In early September, a friend posted on Facebook a call for volunteers to help with a group of refugees that are currently in the local area while their long term fate is decided. She listed the help that was needed, and surprisingly, they needed people to sort through the piles of donated clothes to get rid of the incredible excess.
Wow. These people had come to our country with literally nothing, and within a few short weeks they were faced with a very American problem. They had too many clothes.
At the time I had a couple big garbage bags of my own clothes I need to get rid of. We’re planning a garage sale, but experience has taught me clothes don’t sell at all at garage sales. So I dumped them off at Goodwill, (in)secure in the knowledge that I wasn’t wasteful, I was charitable. There are poor people who need these clothes, right?
Except that I also had browsed in Goodwill, and had often seen brand new clothes on the rack, with the original store tags still on them. Sometimes even clothes I had seen within the last few months at places like Target. Hmmm.
I remember reading an interview with Kurt Cobain many years ago. He said the reason Nirvana had the look they had in the early 1990s was because they were too poor to buy clothes from anywhere but thrift stores. The thrift stores typically carried the wardrobes of the recently deceased, whose relatives had dumped everything off. Since it was the early 90s, the people who were dying has bought a lot of clothes in the late 60s and throughout the 70s. Hence the signature Cobain cardigan.
Something was amiss in the last couple of years though. Something made me uncomfortable. Why wasn’t I seeing more clothes from the 80s and 90s? If Kurt found 1960s cardigans, shouldn’t I be seeing 1980s stirrup pants? There were too many new clothes. Why were there so many brand new clothes? (And dammit, where can I buy a pair of stirrup pants?)
My personal relationship to clothes has changed a lot in the last 4 years. Two major things have happened. First, I lost 140 pounds, which means I can fit into “normal” sizes now. Stores like Target, Forever 21, Old Navy, previously no-mans-lands for me, suddenly offered racks and racks of cute clothes that made me feel good about myself. Second, I finally started making enough money that I wasn’t worried about paying the electric bill each month. Spending forty unplanned dollars once or twice a week was no longer a problem.

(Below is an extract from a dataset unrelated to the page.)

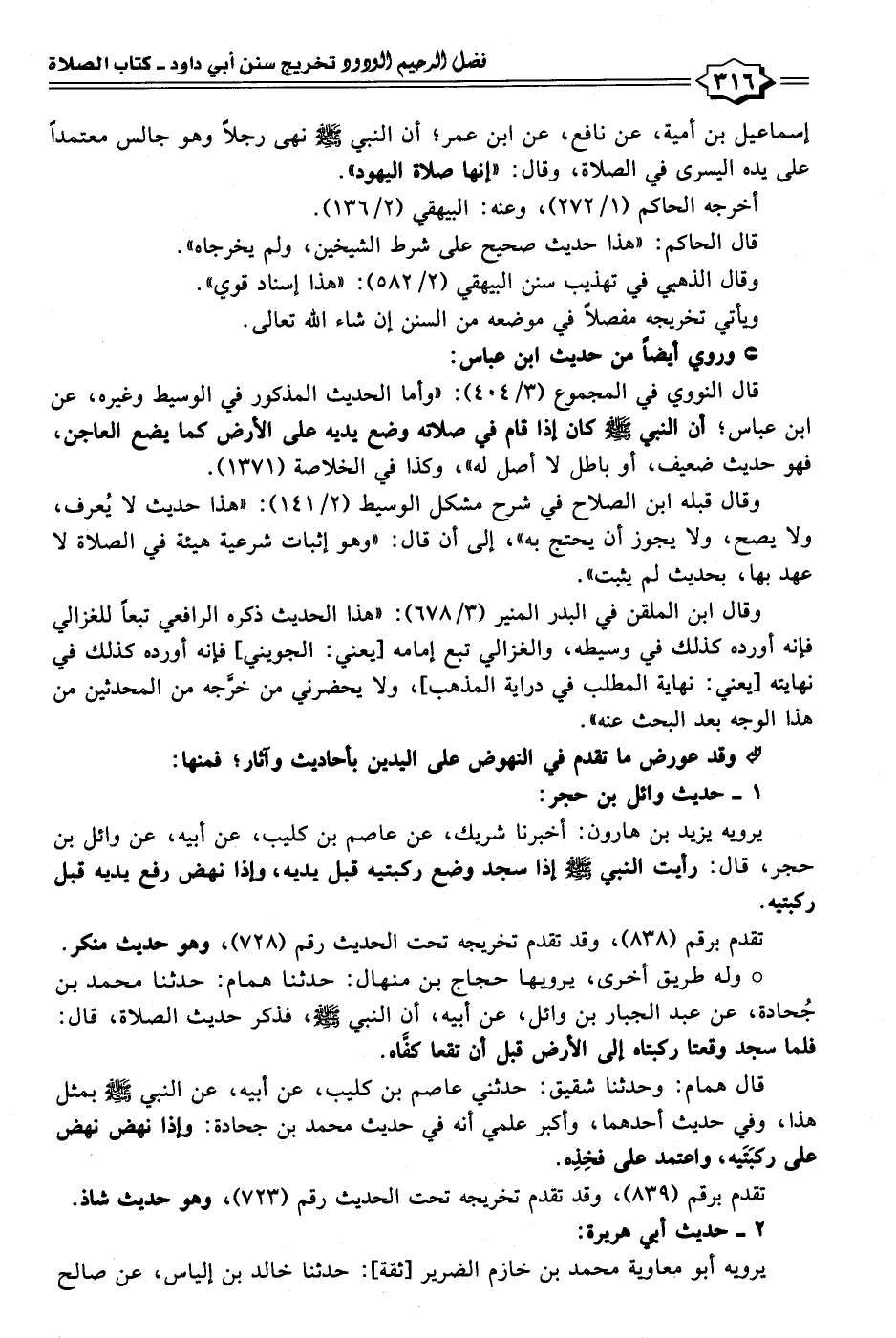 • وله طريق أخرى، يرويها حجاج بن منهال: حدثنا همام: حدثنا محمَّد بن جُحادة، عن عبد الجبار بن وائل، عن أبيه، أن النبي - صلى الله عليه وسلم -، فذكر حديث الصلاة، قال: فلما سجد وقعتا ركبتاه إلى الأرض قبل أن تقعا كفَّاه.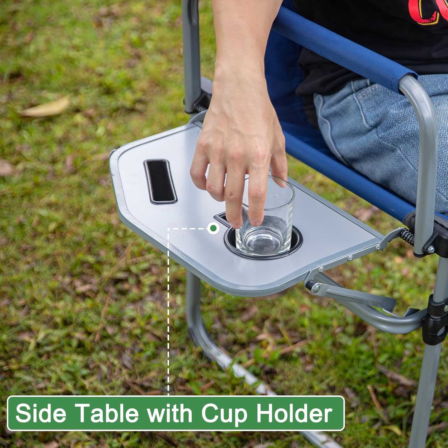 Romswi 2PK Folding Director Chairs, Camping Chair for Outdoor, Compact Directors Chair with Side Table Side Bag, Heavy Duty Oversize Seat for Beach Fishing Picnic Chairs, Holds up to 300 lbs Blue

So every time I was out running errands, I’d stop by a bargain store and browse for 45 minutes, usually picking up about $50 worth of clothes. Ross, Burlington Coat Factory, Kohls. Cheap is my favorite, and I love bragging about how little I paid for something. I love dresses for $20, because I don’t feel guilty if I only wear it once. Or never. It’s only $20 after all. I spend that on lunch. Lunch is gone in an hour, and how bad can something be that costs as much as something that is gone in an hour? The only cost of clothes is the money I spend on them right? Shopping replaced eating as my stress relief and self-care. And it was fun.
At first. In the last few months, a tiny voice has been growing louder. Something is amiss here. My attitude toward clothes is not ok. This is bad, and I don’t know why.
For no particularly articulable reason – except I vaguely suspected we were producing a lot of fabric waste – I decided to go on a one year clothing fast, starting September 1. I didn’t announce it on social media, because honestly I wasn’t sure how committed to it I was. I like shopping. I like clothes. And maybe I was just looking for reasons to feel guilty about shit, and I’d get over it.
Then last night I watched “The True Cost” on Netflix. The tiny voice in the back of mind was finally given the vocabulary for what was bothering me. Here is how it is broken! Here is how it is bad! And holy shit, it’s even worse than the voice and I would have guessed.
So I am now firmly committed to my one year new clothing fast. Except for bras and underwear, which I generally only buy if I truly need and clearly will not buy second hand because gross, I will not buy any new clothes at all for at least one year. I should be able to easily get by on what I have, and I am allowed to buy second-hand clothes during the fast if necessary. After my fast, I will drastically change the way I purchase clothes. I will look for either fair trade clothes, or better yet 100% Made-in-America clothes. I will pay more for fewer clothes, and be proud that I did.
In “The True Cost,” an interviewee discusses the notion that our clothes define us to the world. Maybe so. But if my clothes tell the world who I am, instead of my clothes saying I’m cute or fashionable or wealthy, I want my clothes to say I am ethical.